Dockerfile - Best Practices // Docker 101

Image alt

One of the great benefits of using Docker as a containerization engine is that it’s thin and lightweight, leading to less overhead and overall better performance for your applications that traditional non-containerized ones (where dependencies from one part of the application could lead to bottlenecks in another part of the application, hosted on the same machine).

Another advantage that comes from the usage of Dockerfiles that are part of Docker is the fact that you have repeatable “recipes” that you can use to deploy an identical replica of the application everywhere (local environment, staging, production).

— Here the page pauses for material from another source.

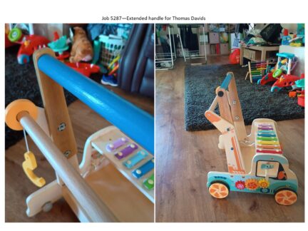 Our young client’s parent asked us to extend the push handle on a favourite toy! This simple yet impactful modification was achieved by extending the side frames and adding a brand-new handle that’s perfectly suited to the child’s height. It might be a simple job but promoting independence is our gig, so making playtime even more joyful with tailored modifications that keep your child smiling and engaged is our encouragement.
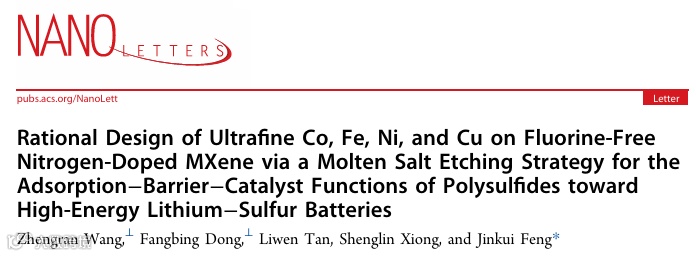 近日,来自山东大学的冯金奎教授团队在国际知名期刊Nano Letters上发表了题为“Rational Design of Ultrafine Co, Fe, Ni, and Cu on Fluorine-Free Nitrogen-Doped MXene via a Molten Salt Etching Strategy for the Adsorption–Barrier–Catalyst Functions of Polysulfides toward High-Energy Lithium–Sulfur Batteries”的研究文章。该研究提出了一种通用的、绿色的无氟熔盐蚀刻策略,成功制备了原位负载过渡金属纳米颗粒(Co, Fe, Ni, Cu)的氮掺杂Ti3C2TxMXene。与传统的含氟蚀刻方法不同,该策略利用熔盐中的金属阳离子作为路易斯酸蚀刻MAX相中的A层原子,不仅避免了危险氟化物的使用,还实现了MXene的剥离、氮掺杂及金属纳米颗粒的原位锚定。实验结果表明,该材料能有效阻挡多硫化物的扩散,并通过氮活性位点与金属纳米颗粒的协同作用,显著加速多硫化物的转化动力学,从而提升锂硫电池优异的倍率性能和循环稳定性。

However, a badly written Dockerfile could actually result in more frustration than benefit for everyday development and – more importantly – application performance.

Here are some Dockerfile best practices and tips on how to avoid that.

Incorrect Dockerfile ordering leads to cache bust

FROM debian
COPY . /app
RUN apt-get update
RUN apt-get -y install ssh vim

When starting a new project, the above Dockerfile might look like a good idea. You have a repeatable recipe you can run again and again. One that copies your application source code to the /app folder within the container and installs SSH CLI and Vim to be used later. After the first build of the image, subsequent builds will use cache and you will be fine.

However, if you change your application source code and rebuild the container, you will notice the second step busts the cache of all subsequent steps, meaning that it will install SSH and Vim every single time you change a line of code. Not great. Here’s a better approach:

FROM debian
RUN apt-get update
RUN apt-get -y install ssh vim git
COPY . /app

No more cache-busting. Line 2 and 3 are cached and reused even while changing source code. Rule of thumb: put instructions that change rarely towards the top.

Be specific about what you copy, to avoid cache busts

Let’s check out this example:

FROM php:7.1-apache

COPY . /app

ENV APACHE_DOCUMENT_ROOT=/app/dist
RUN sed -ri -e 's!/var/www/html!${APACHE_DOCUMENT_ROOT}!g' /etc/apache2/sites-available/*.conf
RUN sed -ri -e 's!/var/www/!${APACHE_DOCUMENT_ROOT}!g' /etc/apache2/apache2.conf /etc/apache2/conf-available/*.conf

The above will start an Apache container with PHP that serves static files from the /dist directory of our source code ( e.g. we have an Angular application that, when built – generates static HTML, JS, CSS in the /dist folder).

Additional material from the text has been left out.